D'autres procédés de montage sont également utilisés. Dans la seconde partie du film, quatre extraits de discours de politiciens en costume appartenant à des partis différents s'enchaînent les uns après les autres. Peu de temps après, trois déclarations filmées du Chancelier Schmidt sont montrées. Dans chacune de ses interventions, il est question de condamner les actes commis par la RAF. Cette accumulation donne l'impression d'un acharnement médiatique, et rend compte du processus de « diabolisation » en marche. Parfois le montage sert à cerner une personnalité. U.M. Meinhof nous est présentée par un présentateur de télévision, puis une voix off issue du documentaire Ulrike Marie Meinhof lettre à sa fille réalisé par Timon Koulmasis en 1994, nous donne accès à ses pensées.
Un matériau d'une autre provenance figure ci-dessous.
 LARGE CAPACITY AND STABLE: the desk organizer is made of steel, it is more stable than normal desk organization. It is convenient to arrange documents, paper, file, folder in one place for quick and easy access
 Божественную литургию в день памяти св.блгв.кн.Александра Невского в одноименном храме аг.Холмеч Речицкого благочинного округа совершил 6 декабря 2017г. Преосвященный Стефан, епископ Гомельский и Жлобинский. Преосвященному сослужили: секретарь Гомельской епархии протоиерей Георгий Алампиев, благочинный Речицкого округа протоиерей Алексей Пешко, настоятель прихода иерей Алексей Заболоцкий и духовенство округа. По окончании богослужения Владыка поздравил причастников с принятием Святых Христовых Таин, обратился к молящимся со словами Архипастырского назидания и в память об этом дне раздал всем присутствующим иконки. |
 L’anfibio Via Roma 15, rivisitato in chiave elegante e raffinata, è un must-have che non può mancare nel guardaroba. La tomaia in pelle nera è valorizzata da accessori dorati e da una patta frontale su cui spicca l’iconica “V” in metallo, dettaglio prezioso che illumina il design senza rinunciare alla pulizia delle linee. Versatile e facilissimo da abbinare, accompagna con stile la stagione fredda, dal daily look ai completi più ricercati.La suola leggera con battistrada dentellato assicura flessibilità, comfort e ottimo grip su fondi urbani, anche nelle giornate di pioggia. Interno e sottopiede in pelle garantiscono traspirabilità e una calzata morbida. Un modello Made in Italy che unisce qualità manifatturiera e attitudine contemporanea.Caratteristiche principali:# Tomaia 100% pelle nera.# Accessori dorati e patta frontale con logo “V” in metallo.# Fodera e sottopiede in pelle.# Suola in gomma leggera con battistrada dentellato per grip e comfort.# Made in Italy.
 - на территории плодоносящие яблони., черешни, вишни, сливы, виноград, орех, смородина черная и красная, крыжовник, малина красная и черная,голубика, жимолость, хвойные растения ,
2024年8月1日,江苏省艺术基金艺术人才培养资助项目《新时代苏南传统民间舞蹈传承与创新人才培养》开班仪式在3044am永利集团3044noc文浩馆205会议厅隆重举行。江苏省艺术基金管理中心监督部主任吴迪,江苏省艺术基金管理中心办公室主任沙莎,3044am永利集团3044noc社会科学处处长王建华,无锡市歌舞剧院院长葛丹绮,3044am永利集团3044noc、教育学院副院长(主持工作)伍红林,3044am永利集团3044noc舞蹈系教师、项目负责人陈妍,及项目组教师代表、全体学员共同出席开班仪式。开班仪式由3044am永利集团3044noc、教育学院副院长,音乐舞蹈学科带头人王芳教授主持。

Elle fait part de son malaise de devoir dire en souriant des idées qui sont cruellement importantes pour nous tous, ce qui est pourtant de son devoir en tant que journaliste. Une fois la confession faite, on la retrouve dans l'émission, où elle explique calmement ses positions.

Si les archives sont des fragments qui dynamisent le récit et lui apportent une signification, elles sont avant tout des matériaux filmiques.

 

Nous allons maintenant, dans un deuxième temps, voir que le film se positionne dans un rappel incessant de sa matérialité et qu'il s'avoue film. De par l'omniprésence de cette matérialité, le film peut tout d'abord sembler faussement objectif. Le dispositif du tout archives qui s'enchaînent sans voix off peut en effet laisser croire à un discours qui se construit seul, dans une forme d'objectivité. Ce n'est cependant pas le cas. L'objectivité se définit comme la qualité de ce qui existe en soi, indépendamment du sujet pensant. On peut avancer comme hypothèse qu'avec Une jeunesse allemande, le sujet pensant, c'est Jean-Gabriel Périot. Assez paradoxalement, le réalisateur se veut, et même se revendique être dépourvu de partialité. Il opère une distinction entre les termes « militant » et « politique » : « Je ne fais pas un cinéma militant mais politique (...) Je ne prends pas parti, le film n'est ni pro- ni anti-RAF, ni pro- ni anti-gouvernement (...) Je sais pas trop ce que j'en pense, au spectateur de savoir ce qu'il décide de penser ou pas sur cette histoire. » Si l'on considère le terme « militant » comme signifiant combattre, lutter, et le terme « politique » comme touchant à ce qui a un rapport à la société organisée, on peut accorder au film Une jeunesse allemande l'appellation de « film politique ». Il s'agirait alors d'un documentaire d'observation dans lequel le spectateur est seul juge face à l'Histoire, en ce sens que l'intervention du réalisateur n’interfèrerait pas entre spectateur et Histoire. Il est vrai que Jean-Gabriel Périot prend ses distances avec la matière qu'il organise, il la laisse exister en soi. Il s'exprime ainsi : « Il ne s 'agit pas dans mon travail de cinéaste d'écraser le spectateur dans le pessimisme ou de lui infliger une leçon de morale et le contraindre à un quelconque devoir de mémoire. Au contraire, il s'agit toujours pour moi de regarder l'humanité dans ce qu'elle a de plus faillible et de faire de cette souffrance un refus, mais aussi d 'en tirer la force d'espérer et d'aimer une humanité si fragile. »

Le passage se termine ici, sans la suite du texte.